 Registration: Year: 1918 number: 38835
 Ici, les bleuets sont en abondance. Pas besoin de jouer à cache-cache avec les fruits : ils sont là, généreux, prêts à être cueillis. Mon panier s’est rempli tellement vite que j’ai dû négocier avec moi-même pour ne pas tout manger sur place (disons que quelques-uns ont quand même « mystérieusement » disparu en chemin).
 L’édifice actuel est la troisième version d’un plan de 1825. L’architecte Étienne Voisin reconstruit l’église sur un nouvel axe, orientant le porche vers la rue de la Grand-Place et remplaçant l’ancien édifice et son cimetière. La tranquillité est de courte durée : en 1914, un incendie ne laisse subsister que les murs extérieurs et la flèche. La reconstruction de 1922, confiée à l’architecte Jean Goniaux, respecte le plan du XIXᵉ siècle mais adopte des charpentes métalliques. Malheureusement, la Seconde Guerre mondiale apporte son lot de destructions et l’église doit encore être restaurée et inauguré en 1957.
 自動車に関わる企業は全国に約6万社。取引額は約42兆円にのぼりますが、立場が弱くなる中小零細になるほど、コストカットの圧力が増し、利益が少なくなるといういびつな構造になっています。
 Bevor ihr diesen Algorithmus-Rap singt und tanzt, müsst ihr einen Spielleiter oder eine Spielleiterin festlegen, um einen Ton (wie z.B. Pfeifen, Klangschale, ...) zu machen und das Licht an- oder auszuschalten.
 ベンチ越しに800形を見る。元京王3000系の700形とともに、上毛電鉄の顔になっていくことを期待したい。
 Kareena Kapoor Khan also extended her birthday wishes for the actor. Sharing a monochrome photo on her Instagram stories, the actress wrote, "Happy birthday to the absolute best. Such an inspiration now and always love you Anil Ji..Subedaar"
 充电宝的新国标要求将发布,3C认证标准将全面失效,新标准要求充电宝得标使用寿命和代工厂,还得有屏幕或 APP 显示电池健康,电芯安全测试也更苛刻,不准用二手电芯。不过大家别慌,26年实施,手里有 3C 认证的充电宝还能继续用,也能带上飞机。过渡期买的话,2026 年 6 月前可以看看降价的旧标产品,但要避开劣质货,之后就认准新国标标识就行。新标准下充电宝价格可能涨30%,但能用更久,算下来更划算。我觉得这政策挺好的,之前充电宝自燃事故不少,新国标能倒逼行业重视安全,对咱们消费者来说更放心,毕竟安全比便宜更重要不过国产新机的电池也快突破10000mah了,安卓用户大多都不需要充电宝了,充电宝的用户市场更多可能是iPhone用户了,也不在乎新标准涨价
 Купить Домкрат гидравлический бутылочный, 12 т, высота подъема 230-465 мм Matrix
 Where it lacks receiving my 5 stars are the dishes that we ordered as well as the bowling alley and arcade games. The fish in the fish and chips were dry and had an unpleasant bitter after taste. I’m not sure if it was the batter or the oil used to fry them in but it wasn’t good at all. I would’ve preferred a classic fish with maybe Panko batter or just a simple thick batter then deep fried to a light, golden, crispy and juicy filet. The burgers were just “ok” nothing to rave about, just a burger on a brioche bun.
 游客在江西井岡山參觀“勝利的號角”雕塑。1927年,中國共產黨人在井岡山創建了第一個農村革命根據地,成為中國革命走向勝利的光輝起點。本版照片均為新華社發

- [What needs to be done] Please copy every line of the data that carries the string "être".

- [Exercise solution]
 Ici, les bleuets sont en abondance. Pas besoin de jouer à cache-cache avec les fruits : ils sont là, généreux, prêts à être cueillis. Mon panier s’est rempli tellement vite que j’ai dû négocier avec moi-même pour ne pas tout manger sur place (disons que quelques-uns ont quand même « mystérieusement » disparu en chemin).
 L’édifice actuel est la troisième version d’un plan de 1825. L’architecte Étienne Voisin reconstruit l’église sur un nouvel axe, orientant le porche vers la rue de la Grand-Place et remplaçant l’ancien édifice et son cimetière. La tranquillité est de courte durée : en 1914, un incendie ne laisse subsister que les murs extérieurs et la flèche. La reconstruction de 1922, confiée à l’architecte Jean Goniaux, respecte le plan du XIXᵉ siècle mais adopte des charpentes métalliques. Malheureusement, la Seconde Guerre mondiale apporte son lot de destructions et l’église doit encore être restaurée et inauguré en 1957.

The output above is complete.